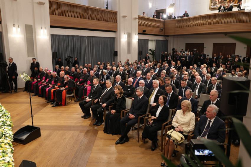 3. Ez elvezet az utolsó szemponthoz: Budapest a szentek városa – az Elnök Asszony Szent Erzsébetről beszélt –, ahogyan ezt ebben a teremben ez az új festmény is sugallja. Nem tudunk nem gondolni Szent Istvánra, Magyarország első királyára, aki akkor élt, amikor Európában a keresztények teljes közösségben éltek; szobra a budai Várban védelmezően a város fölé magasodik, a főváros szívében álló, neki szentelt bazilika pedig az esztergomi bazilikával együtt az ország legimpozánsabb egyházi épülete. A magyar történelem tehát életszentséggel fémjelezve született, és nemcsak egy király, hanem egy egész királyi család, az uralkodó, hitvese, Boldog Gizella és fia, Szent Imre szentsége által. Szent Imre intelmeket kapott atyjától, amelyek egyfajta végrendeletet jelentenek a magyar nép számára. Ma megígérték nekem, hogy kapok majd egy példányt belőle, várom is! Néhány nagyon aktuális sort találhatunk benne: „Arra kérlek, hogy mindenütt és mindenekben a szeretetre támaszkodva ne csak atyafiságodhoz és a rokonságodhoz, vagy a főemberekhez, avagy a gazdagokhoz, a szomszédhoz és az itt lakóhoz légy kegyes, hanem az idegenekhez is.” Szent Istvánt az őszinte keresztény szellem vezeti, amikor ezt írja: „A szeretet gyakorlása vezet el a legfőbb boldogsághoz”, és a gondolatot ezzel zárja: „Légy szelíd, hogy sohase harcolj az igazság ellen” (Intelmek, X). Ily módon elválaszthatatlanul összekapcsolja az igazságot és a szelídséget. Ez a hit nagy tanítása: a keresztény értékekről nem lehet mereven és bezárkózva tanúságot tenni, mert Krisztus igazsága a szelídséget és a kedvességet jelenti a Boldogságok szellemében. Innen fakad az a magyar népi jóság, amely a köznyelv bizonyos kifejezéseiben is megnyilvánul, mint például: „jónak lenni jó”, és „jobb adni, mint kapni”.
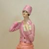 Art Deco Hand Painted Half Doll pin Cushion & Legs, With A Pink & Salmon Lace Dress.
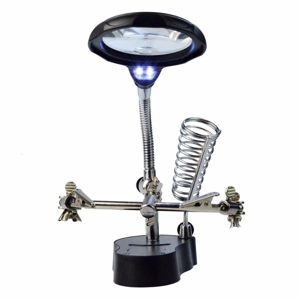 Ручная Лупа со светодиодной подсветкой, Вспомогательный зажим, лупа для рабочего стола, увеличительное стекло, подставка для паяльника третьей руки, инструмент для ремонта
§
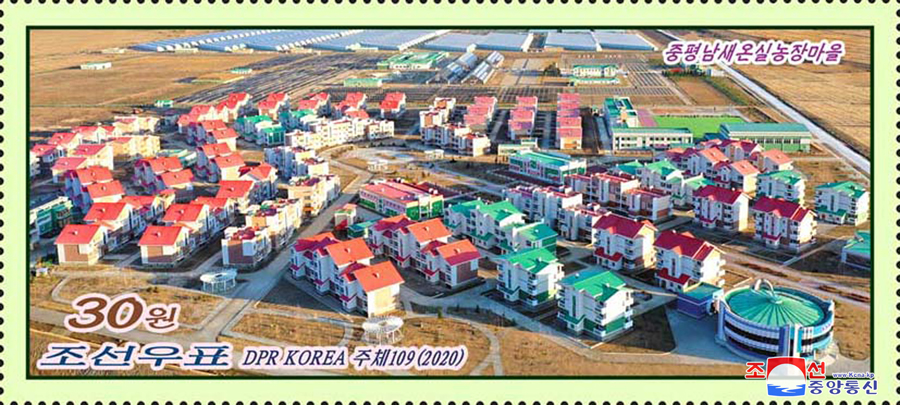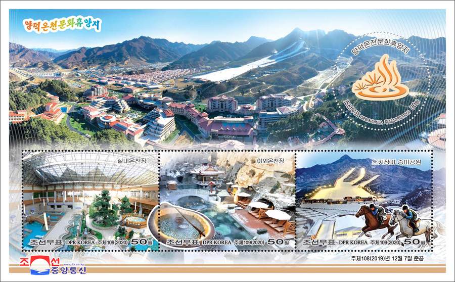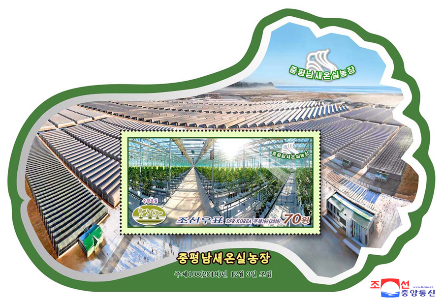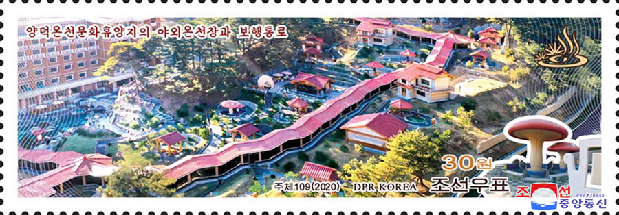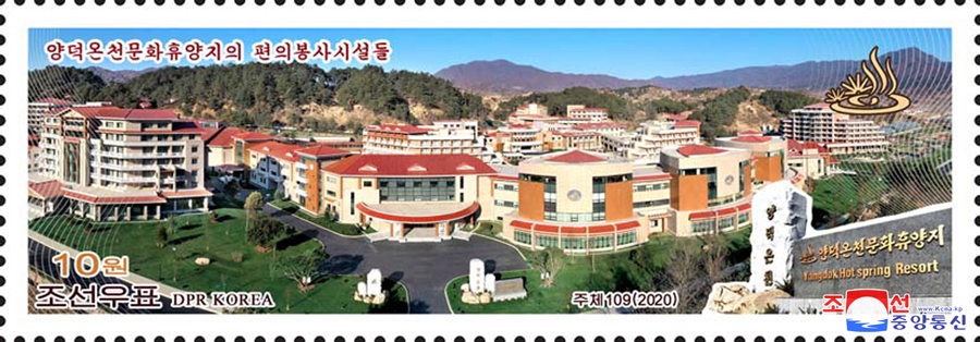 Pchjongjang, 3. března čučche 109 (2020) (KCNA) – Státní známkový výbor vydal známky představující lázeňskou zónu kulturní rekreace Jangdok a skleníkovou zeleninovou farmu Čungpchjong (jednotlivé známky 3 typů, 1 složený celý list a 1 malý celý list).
§
TASK DETAILS ▸ Leaving all pictures out, output exactly the lines of the material above from the line with "Art Deco Hand" to the line with "Ручная Лупа со", both included.

TASK RESPONSE ▸
 Art Deco Hand Painted Half Doll pin Cushion & Legs, With A Pink & Salmon Lace Dress.
 Ручная Лупа со светодиодной подсветкой, Вспомогательный зажим, лупа для рабочего стола, увеличительное стекло, подставка для паяльника третьей руки, инструмент для ремонта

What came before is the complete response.